Among the candidates President Obama may nominate for the next defense secretary is Michele Flournoy, formerly the highest-ranking woman in the Pentagon.
Flournoy is a mother of three, and in February, she stunned her colleagues when she stepped down from her job as undersecretary of defense for policy to spend more time with her children.
It wasn't an easy decision, but it's a dilemma that many working mothers face. While some call for changes in workplace policy to make caring for families and working easier, others argue women ultimately have to make a choice.
Choosing Family Over Career
When Flournoy was working at the Pentagon, she says her hours were long and intense. She would work starting at 7 a.m. for about 12 hours, "pretty much non-stop." Then she would have maybe two hours with her family at home before being available to work again around 9 p.m.
She did that for three years. During that time, both she and her husband were in senior government positions (her husband, W. Scott Gould, is deputy secretary of Veterans Affairs).
"There was a point in time, when my older kids were reaching the teenage years, that they really needed more of a parent," she tells Guy Raz, host of weekends on All Things Considered.
So after a number of long discussions with her husband, Flournoy says, they decided it was time for one of them to step out.
It was an agonizing decision for Flournoy, in part because she didn't want to let down the younger women who looked to her to open doors for them. The reaction she actually received surprised her.
Her decision resonated with women around the country — and it prompted a new national discussion about whether mothers can reach the highest levels of government or corporate America as easily as men.
Glass Ceilings Left Unbroken
Though many industries in this country are increasingly dominated by women, there is no evidence that things at the top are changing. Kay Hymowitz, a scholar with the Manhattan Institute, says only 4 percent of the CEOs at Fortune 500 companies are female.
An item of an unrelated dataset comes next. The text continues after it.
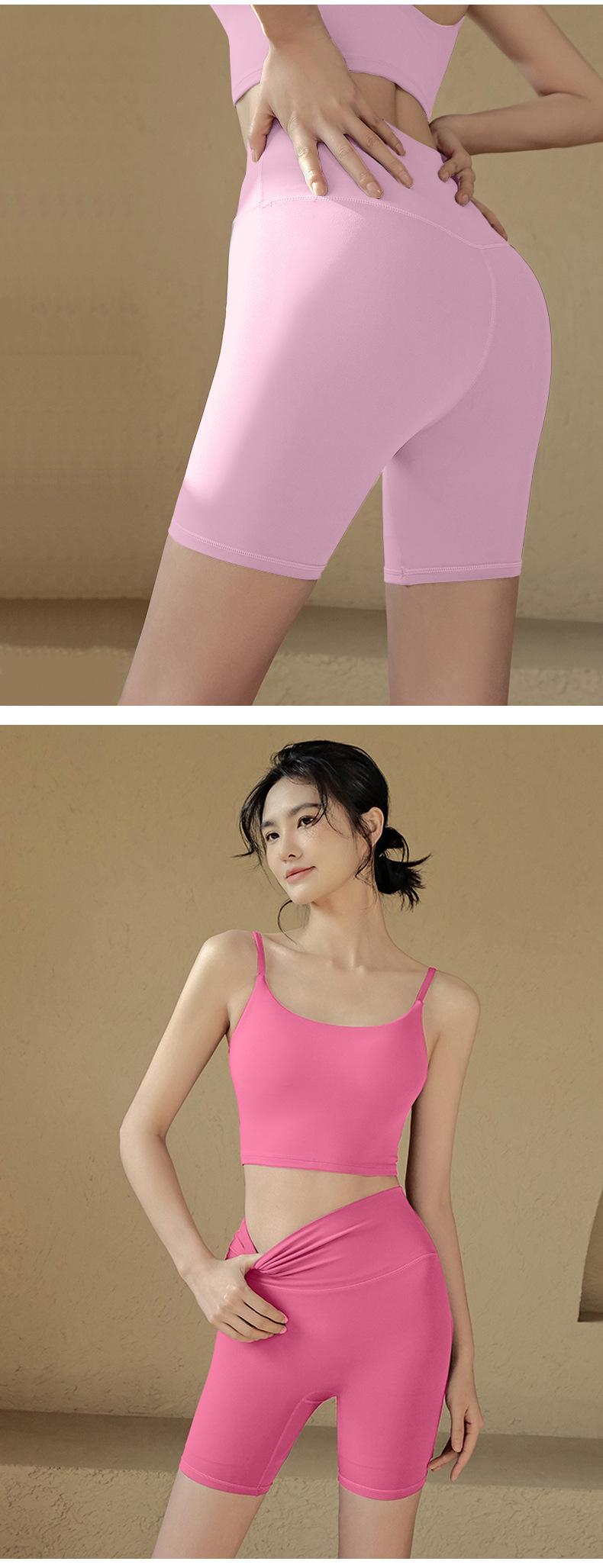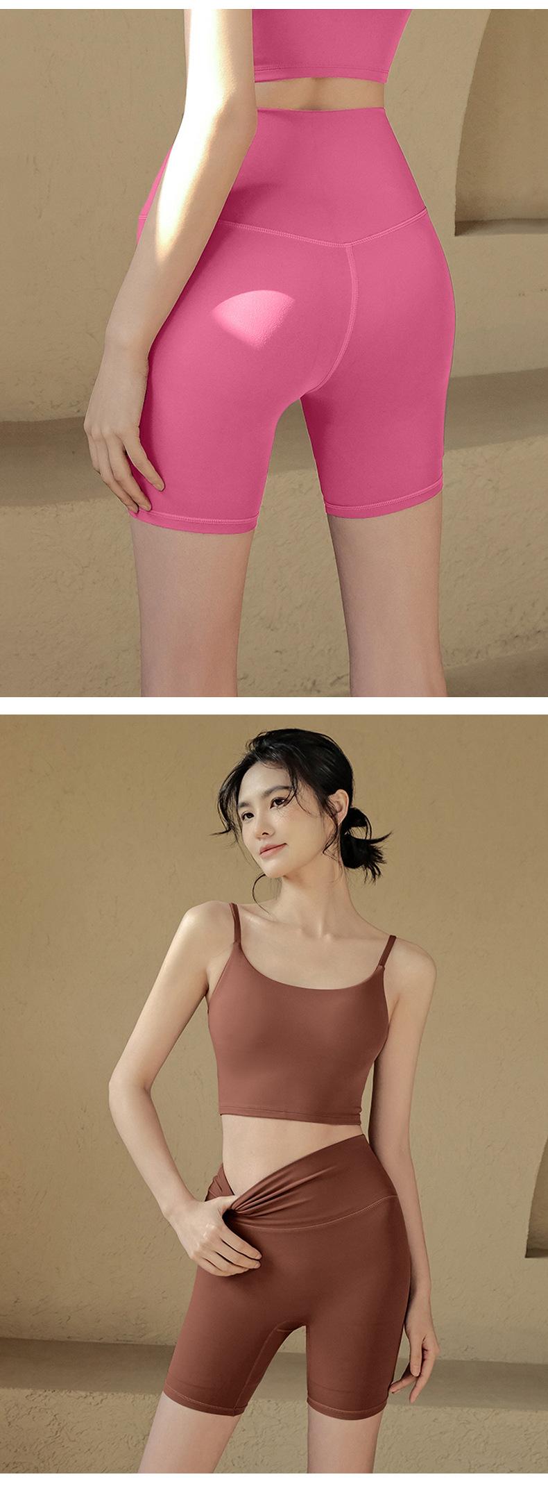 Shorts de Yoga de Cintura Alta com Efeito Levanta Bumbum, Cor Sólida Nude, para Mulheres, Verão, Fitness, Corrida, Roupas de Yoga, Ciclismo, Legging Esportiva Três Quartos

Why the disparity?
Hymowitz says it's children — "though we have to always make the caveat that yes, there is discrimination. But the major factor in the gap — both the ... wage gap and the gap at the very top ... is due to children."
Both the public and private sectors are adapting in some ways to change that, particularly by offering flextime. "But at a certain point — and this is particularly true at the top — the competition is so keen to get ahead that if you have a young baby at home [and] you're a woman — or, for that matter, a man — who wants to be quite involved with raising that baby, it's just a matter of physics," she says. "You cannot be doing both things."
So women work fewer hours, take off more time for maternity leave and are more likely to work part time than men. Hymowitz says they seem to want it that way, too.
"The presumption that this is really what women want — they want this absolute parity with men in the workplace — it really remains to be proven," she says.
Not Exactly A Choice
Karen Kornbluh spent three years looking for ways to close the gender gap as an ambassador to the Organization for Economic Cooperation and Development. She worries there's too much focus on the "alpha females" who could run companies or governments.
Diversifying leadership is important, she says, "but what I also want to pay attention to is the middle-class family, the lower-income family, where the mother doesn't even have the choice of stepping out."
Choice is a funny word, though. Kornbluh says inequality in the workplace in this country is not about women — of any socioeconomic status — choosing family over work.
"I wouldn't call it a 'choice' in the classic sense, because I don't think they have a lot of options," she says.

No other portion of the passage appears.